Daylight savings affects industry and human health

Science & Technology by

On Nov. 5, Daylight Saving Time (DST) ended, and we were gifted with an extra hour of sleep. 2 a.m. reverted back to 1 a.m., and clocks were changed.

Benjamin Franklin first suggested the idea of implementing DST in 1784, joking that extended daylight would save candles. He also found several people around him sleeping and waking up late. Franklin speculated how much more productive people would be if the local time were to be set one hour ahead of Standard Time, forcing everyone to wake up early and thereby ‘saving candles.’

George Vernon Hudson, a New-Zealand astronomer, officially proposed DST for the first time in 1895. Then, golfer William Willet supported DST, which would reward him with an extra hour of golf after work. Up until his death in 1915, Willet lobbied the House of Commons for DST, but to no avail.

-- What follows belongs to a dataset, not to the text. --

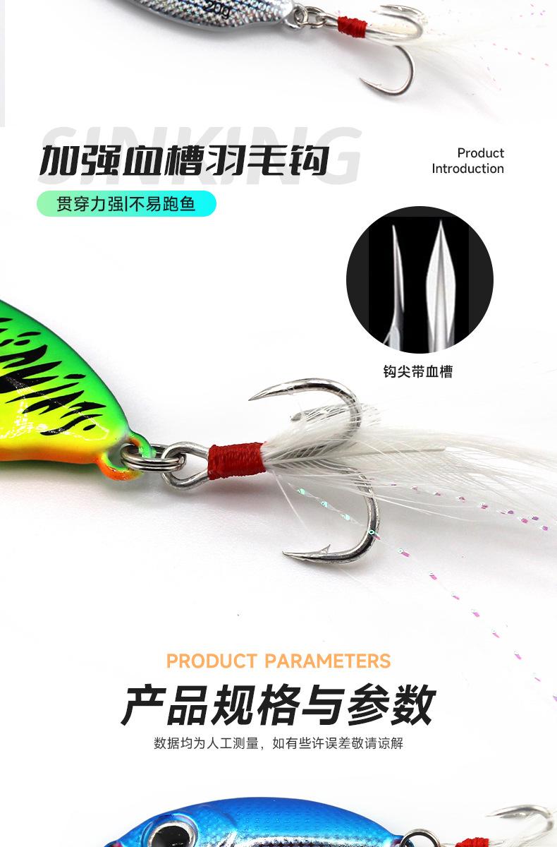 Cuchillo Azul Señuelo Luya Placa de Hierro Señuelo Falso con Anzuelo de Pluma Pesca Lubina Pez Mandarín Equipo de Pesca Señuelo Falso
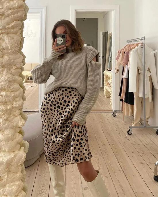 随着近两年轮廓皮质单品的大火,让时尚潮人们开辟出毛衣搭配皮裙的新穿法。再脚踩一双皮革长靴,立刻就有浓郁法式风情内味儿了。

Germany and Austria were the first countries to opt for DST in 1916. Soon after its implementation in 1916, support for DST spread across Europe. The United States followed suit in 1918 to conserve electricity during World War I. After the world wars ended, DST fell from federal to state jurisdiction. Some neighbouring states follow different time systems. Although these were the first countries to implement DST, the people of modern day Thunder Bay in Ontario turned their clocks back in 1908.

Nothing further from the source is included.